Granted, I didn't put much work into optimizing the prompts, but then again, the prompts were certainly not GPT-optimized or specific either. The problems were severe, such as it choosing the wrong side of the conversation, hallucinating weird stuff plus repeating part of the prompt, all in the same message
Ok, the other blogpost has been sent to my readlist now. Looks fun. I did have one question though, and please forgive me if the answer is RTFA, but why choose Claude? Was there a specific reason?
Because I have another blog post about ChatGPT's structured data (https://news.ycombinator.com/item?id=38782678) and wanted to investigate Claude's implementation to compare and contrast. It's easy to port to ChatGPT if needed.
I just wanted to do the experiment in a fun way instead of fighting against benchmarks. :)
DALL-E 2/3 is too expensive to run significant tests on, but neither allow you to manipulate the system prompt to override some behaviors.
It is possible to work around it for GPT-4-Vision with the system prompt but it's very difficult and due to ambiguities in OpenAI's content policy I'm unsure if it's ethical or not.
I am still working on experimenting with its effects on Claude: it turns out that Claude does leak its system prompt telling it not to identify individuals without any prompt injections! If you do hit such an issue with this notebook, it will output the full JSON response.
It won't follow even simple, non-ethnic specific instructions such as "draw three women sitting at a cafe", it re-writes and completely forgets the original number of women, and adds a lot to the query that wasn't there.

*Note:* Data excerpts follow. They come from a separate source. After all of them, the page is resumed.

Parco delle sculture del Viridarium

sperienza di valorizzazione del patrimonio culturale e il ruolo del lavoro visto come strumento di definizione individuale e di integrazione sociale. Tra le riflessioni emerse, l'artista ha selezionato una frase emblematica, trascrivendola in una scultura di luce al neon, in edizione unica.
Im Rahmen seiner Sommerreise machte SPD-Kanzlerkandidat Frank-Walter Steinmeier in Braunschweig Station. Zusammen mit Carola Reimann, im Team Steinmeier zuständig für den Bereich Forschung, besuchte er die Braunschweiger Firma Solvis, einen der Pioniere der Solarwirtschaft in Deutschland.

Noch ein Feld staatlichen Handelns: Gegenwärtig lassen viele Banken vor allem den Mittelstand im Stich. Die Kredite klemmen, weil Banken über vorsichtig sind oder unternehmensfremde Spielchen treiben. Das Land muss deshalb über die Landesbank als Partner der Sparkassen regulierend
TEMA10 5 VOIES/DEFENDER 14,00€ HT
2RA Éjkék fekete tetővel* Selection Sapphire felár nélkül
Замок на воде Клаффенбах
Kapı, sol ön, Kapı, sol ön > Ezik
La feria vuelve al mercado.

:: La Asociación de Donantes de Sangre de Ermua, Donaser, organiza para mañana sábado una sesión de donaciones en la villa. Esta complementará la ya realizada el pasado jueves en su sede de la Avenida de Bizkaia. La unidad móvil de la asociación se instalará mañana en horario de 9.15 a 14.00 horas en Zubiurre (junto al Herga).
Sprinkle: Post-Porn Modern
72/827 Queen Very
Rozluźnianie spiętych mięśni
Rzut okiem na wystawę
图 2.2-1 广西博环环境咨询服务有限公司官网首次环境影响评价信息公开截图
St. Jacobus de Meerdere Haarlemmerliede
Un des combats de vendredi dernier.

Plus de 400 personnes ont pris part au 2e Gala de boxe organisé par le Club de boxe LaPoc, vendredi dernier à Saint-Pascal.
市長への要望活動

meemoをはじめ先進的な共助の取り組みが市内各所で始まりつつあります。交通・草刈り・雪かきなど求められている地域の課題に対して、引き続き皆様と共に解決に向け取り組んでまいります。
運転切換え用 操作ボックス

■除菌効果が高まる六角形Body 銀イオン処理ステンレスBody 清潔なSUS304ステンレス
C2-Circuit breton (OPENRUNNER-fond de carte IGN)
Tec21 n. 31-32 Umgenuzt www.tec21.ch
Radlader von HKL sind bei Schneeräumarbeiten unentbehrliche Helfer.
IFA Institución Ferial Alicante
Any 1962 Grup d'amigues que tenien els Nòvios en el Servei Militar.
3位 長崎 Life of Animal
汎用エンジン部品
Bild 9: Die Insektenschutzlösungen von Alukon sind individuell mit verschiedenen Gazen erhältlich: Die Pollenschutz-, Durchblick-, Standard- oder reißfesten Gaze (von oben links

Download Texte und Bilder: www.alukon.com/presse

At least from the limited sample size of results, the rules text seems like garbled than other models in the mtg card generating space. Curious if you're able to first generate a few mechanics, and then have it design an entire set (either bottom-up or top-down). I'm sure balancing is not something Gen AI can do properly... but I imagine this can really change how set designers approach new worlds or mechanics!
(Disclaimer, I'm the maintainer of this package, but this kind of use is exactly why I created it at the beginning)
If you know how to use HTML+CSS and would like to generate full-fledged cards, you could use a package such as html2image [0] to combine the text, the image and a card-template image into one final image.
Chrome/Chromium has to be available on Colab Notebooks though, that's the only requirement.
Using basic SVG without this package could also do the trick.
1. It is not nearly as good as ChatGPT's function calling conformance, hence why the system prompt engineering is more aggressive than usual.
2. Claude doesn't seem to handle nesting schema well: otherwise I would have allowed "generating X cards in a cycle" as a feature. The documentation does state that it can't handle "deeply nested" data but a single list is not deeply nested.
3. The documentation mentioned that Claude can do a chain-of-thoughts with tools enabled: in my testing this reduces quality drastically. In Opus, which does it by default, it's a waste of extremely expensive output tokens and it has a tendency to ignore fields.
4. Haiku and Sonnet have different vibes but similar subjective quality, in this case Sonnet being more "correct" and Haiku being more "fun", which is surprising.